EPSRC Reference: EP/X017796/1
Title: Below the Branches of Universal Trees
Principal Investigator: Schewe, Professor S
Other Investigators:
Totzke, Dr P Dell'Erba, Dr D Wojtczak, Dr DK
Researcher Co-Investigators:
Project Partners:
Department: Computer Science
Organisation: University of Liverpool
Scheme: Standard Research - NR1
Starts: 01 March 2023 Ends: 31 August 2024 Value (£): 202,160
EPSRC Research Topic Classifications:
Fundamentals of Computing
EPSRC Industrial Sector Classifications:
No relevance to Underpinning Sectors
Related Grants:
Panel History:
Panel DatePanel NameOutcome
21 Jun 2022 New Horizons 2021 Full Proposal Panel Announced
23 Jun 2022 New Horizons Fundamentals of Computing and Software Panel June 2022 Announced
Summary on Grant Application Form


Solving parity games is an intriguing problem that combines practical relevance with a long standing academic challenge. Its practical relevance is drawn from its prime position as the most difficult and most expensive step in automatically constructing (synthesis) and proving the correctness (model checking) of safety critical systems. It has further applications in the evaluation of nested fixed points and tropical algebra.

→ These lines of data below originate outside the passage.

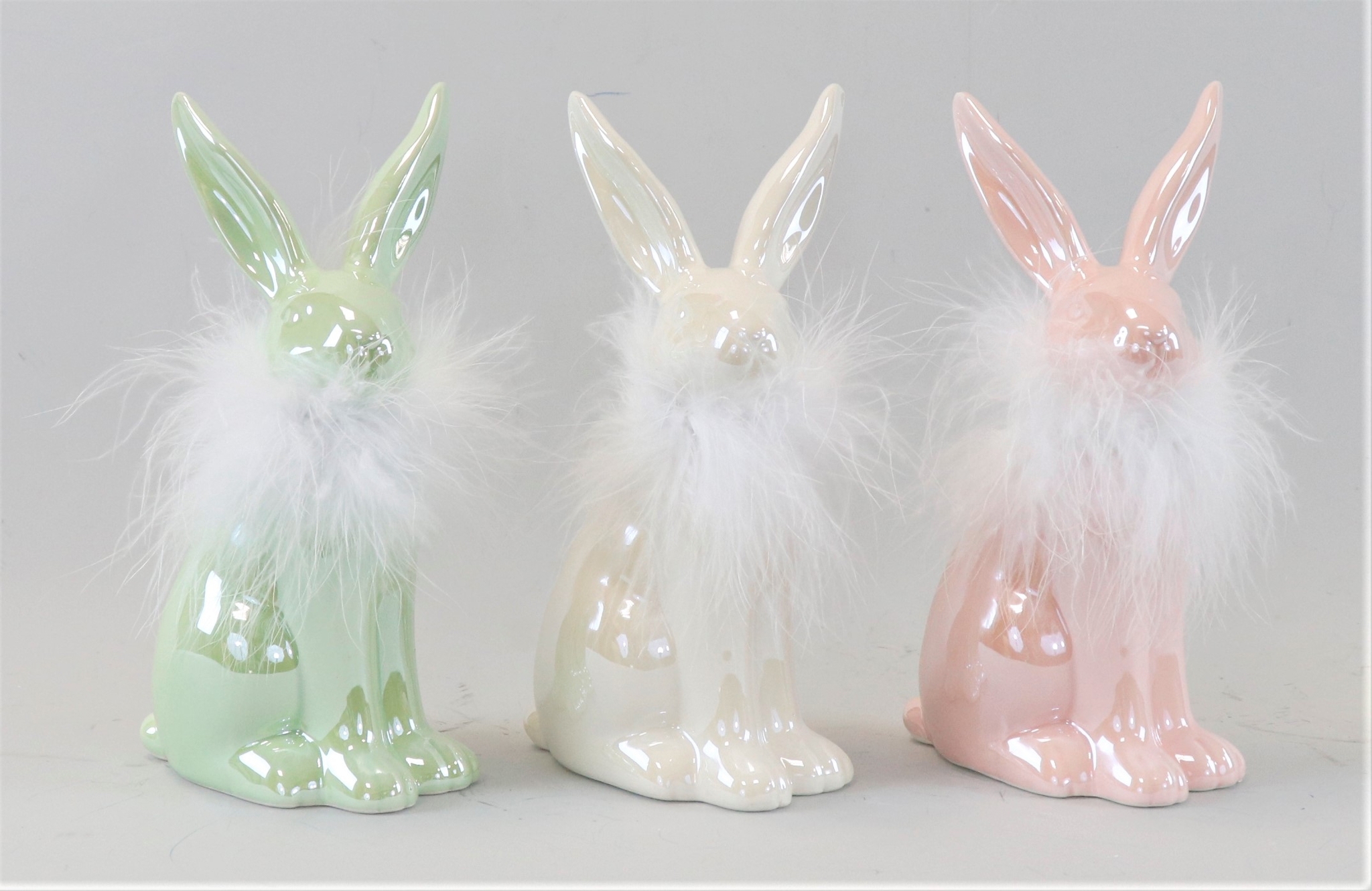 **Produktbeschreibung für das Hasenset "SHINE" - 3-teiliges Keramikset für Ostern**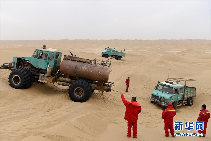 一輛測量作業(yè)車陷在沙坑中,水罐車進行營救(1月13日攝)。地球物理勘探是油氣開發(fā)的第一步,相當(dāng)于給地球做CT。物探工人按照嚴(yán)格的測線部署,在相應(yīng)位置鉆井,然后實施地震,采集地震波數(shù)據(jù)。科研人員通過數(shù)據(jù)組成的“CT片”,就能夠清晰地“看”到地下的地質(zhì)結(jié)構(gòu),判斷哪里埋藏有石油或者天然氣。2019年10月,東方地球物理勘探有限責(zé)任公司塔里木物探處2113隊進入新疆塔克拉瑪干沙漠腹地,開始中古14-21、塔中2兩個區(qū)塊的三維地震勘探。近2000名物探工人將在1000平方公里的范圍內(nèi)一直工作到2020年4月,這也意味著他們將在塔克拉瑪干沙漠腹地連續(xù)度過第14個除夕夜。蘊藏著豐富石油天然氣資源的新疆塔克拉瑪干沙漠有“死亡之?!敝Q,氣候干燥,年降水量在50毫米以下,冬季地表最低溫度超過零下30攝氏度,是世界油氣勘探難度最大的地區(qū)之一。為避開風(fēng)季,物探工人每年9、10月份進入沙漠,一直工作到來年4月,夜以繼日與黃沙、嚴(yán)寒為伴,用辛勤的汗水,為祖國找油找氣。新華社記者丁磊攝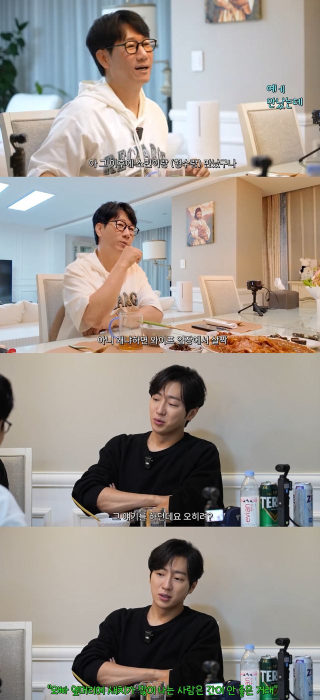 "만났는데 둘 다 그것에 대한 언급은 없더라"라는 이상엽의 말에 지석진은 "왜냐하면 그게 아내 입장에서는 살짝 기분 안 좋을 수도 있지 않나"라고 이야기했다.

It is academically intriguing, because the complexity of solving parity games is a long standing challenge. The theoretical understanding of the computational complexity of solving parity games is a coveted prize since the algorithmic challenge of solving parity games efficiently first arose as a fundamental and impactful open problem posed in the early 1990s. For example, the existence of a polynomial-time algorithm has been recently listed as one of the six most important open problems in the Automata Column of the ACM SIGLOG News.

This high-risk project will attempt to show that solving parity games is computationally cheap.

Attempting this challenge is bold (as it should be for a New Horizons project), but it is also timely: while five years ago all algorithms were exponential, a number of different approaches that are merely quasi-polynomial have recently been established. This makes the attempt to tear down the last barrier to polynomial time, and thus to efficient algorithms, is within reach for the first time.

While the project is driven by scientific curiosity, it also feeds the conveyor belt of achieving higher technology readiness levels in follow-up research: once tractable algorithms are established in principle, highly efficient algorithms follow in due course, and they will help creating faster model checking and synthesis tools, and ultimately contributing to safer and better software.